The disk is exposed as a /dev/nvme* block device, and as such I/O goes through a separate driver. The earlier versions of the driver had a hard limit of 255 seconds before I/O operation times out. [0,1,2]
When the timeout triggers, it is treated as a hard failure and the filesystem gets remounted read-only. Meaning: if you have anything that writes intensively to an attached volume, C5/M5 instances are dangerous. We experimented with them for our early prometheus nodes. Not a good idea. Having the alerts for an entire fleet start flapping due to a seemingly nonsensical "out of disk, write error" monitoring node failure is not fun.[ß]
If you run stateless, in-memory only applications on them (preferably even without local logging), then you should be fine.
ß: We handle nodes dying. The byzantine failure mode of nodes suddenly spewing wrong data is harder to deal with.
Some more information from the original announcement:
(Disclaimer: I work at Canonical/Ubuntu, if that matters)
No need for a kernel with the default set - just put it in your kernel cmdline options in grub. Make an AMI with the change after that, and you're good to go.
Edit: My apologies. I didn't read your comment carefully enough, and didn't realize you had specifically called out needing to make these changes, and that older kernel versions had the 255 maximum. Leaving the above for posterity, and so people can notice I'm a bad reader :)
Did you see these issues even with it set to 255? That seems like it should have been enough timeout if everything is working normally. Perhaps small GP2 volumes that are out of credits with a large queue depth might see this? I can't say I've run into it yet.

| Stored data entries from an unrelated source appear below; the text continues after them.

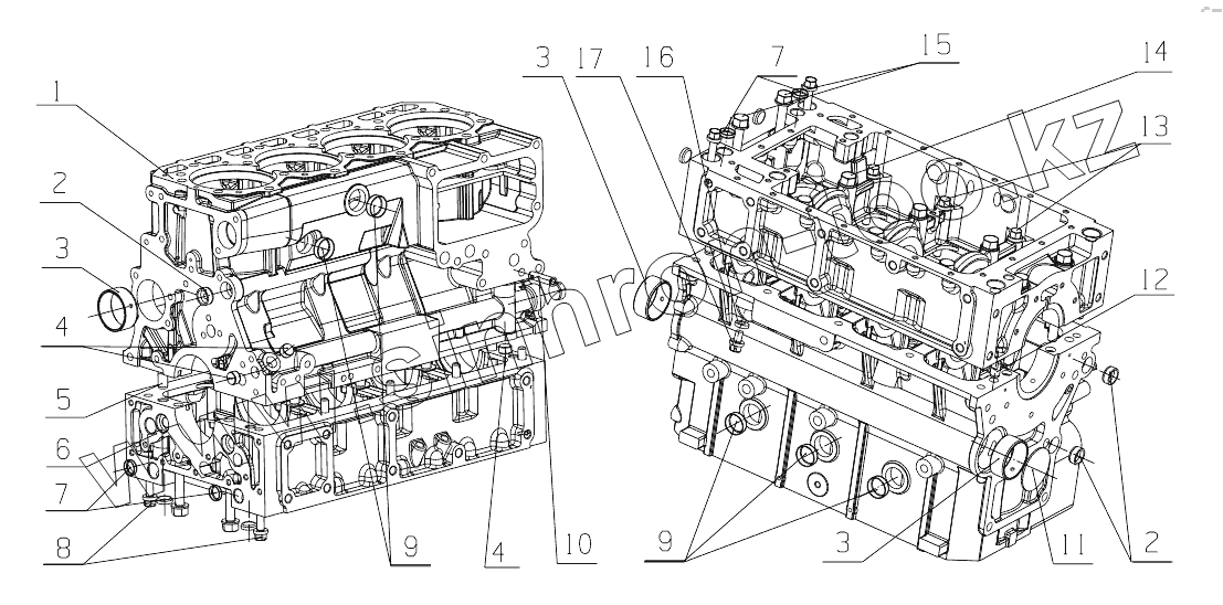 Каталог запасных частей к технике: Yuchai YC4F90-30. F6000-1002100/04 Cylinder Block Parts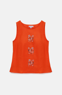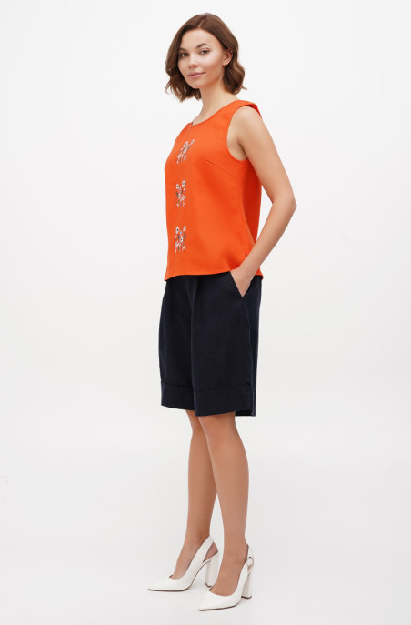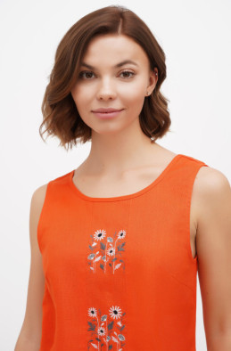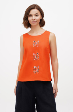 The embroidered blouse made of soft linen. It has slits in side seams and no zip.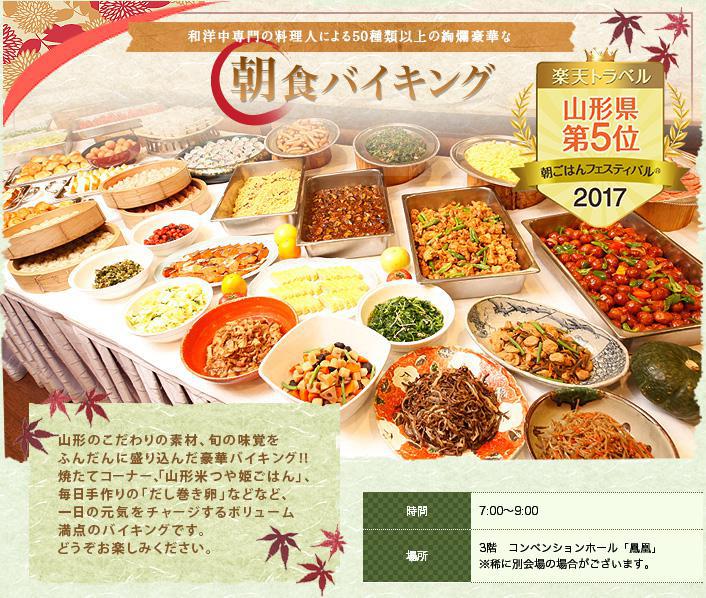 ご報告が遅くなってしまいましたが・・・先月発表された、楽天トラベルの「朝ごはんフェスティバル2017」で、たくさんの“食べてみたい””おいしかったよ”の投票を頂き、山形県第5位に選ばれました!投票や周りの方にお知らせしてくださった皆様、誠にありがとうございます!これからも「おいしかったなぁ」と喜んで頂ける朝食タイムを追求して参ります。冬は、根菜が旬の季節ですね。煮物が美味しいですよっ。 美味求真の宿 天童ホテルhttp://www.tendohotel.co.jp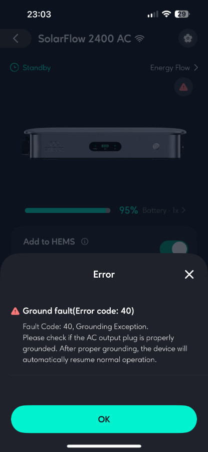 Error code 40 is when the voltage between earth pin and neutral is too high.

Oh yes we did. To make sure we didn't just suffer from a single fluke, we read through docs and changed the value to 255 after the first time. Then waited. Didn't have to wait for long, the thing broke again in less than 3 weeks.
The workload was a pretty aggressively tuned prometheus. At that point we went into compaction after two weeks, so it would have been doing _very_ heavy I/O for a few days.
Some extra details about our monitoring setup here: https://smarketshq.com/wait-what-is-my-fleet-doing-2e7b1b06f... (We have 10s scraping intervals for everything and 1s for our most critical, highly latency-sensitive services.)
I can imagine some crazy random access, small-record, vectored IO from large thread pools. But that's not exactly common because most software that is IO-heavy tries really hard to avoid these things.
It was actually filed about EBS block disks using NVME (on these new instances, there is a hardware card that presents network EBS volumes as a PCI-E NVME device). In certain failure cases since this is a network block store, they can fail for some period of time exceeding this timeout.
The idea of this change is to ensure once they come back the machine is left in a usable state.
Of course, I would not expect to see this on Local NVME disks which is what they announced - that you can now get such instances with local disk as well as EBS.
In any event, the instance storage is unlikely to run afoul of any such timeouts since it’s more or less directly attached (albeit virtualized) and there’s no SAN involved.
Presumably the same applies to i3.metal as well, though I have not yet personally checked.
There's a lot to love about NVMe and timeouts are not actually part of the NVMe specification itself but rather a Linux driver construct. Unfortunately, early versions of the driver used an unsigned char for the timeout value and also have a pretty short timeout for network-based storage.
As mentioned elsewhere in the thread, recent AMIs are configured to avoid this problem out of the box.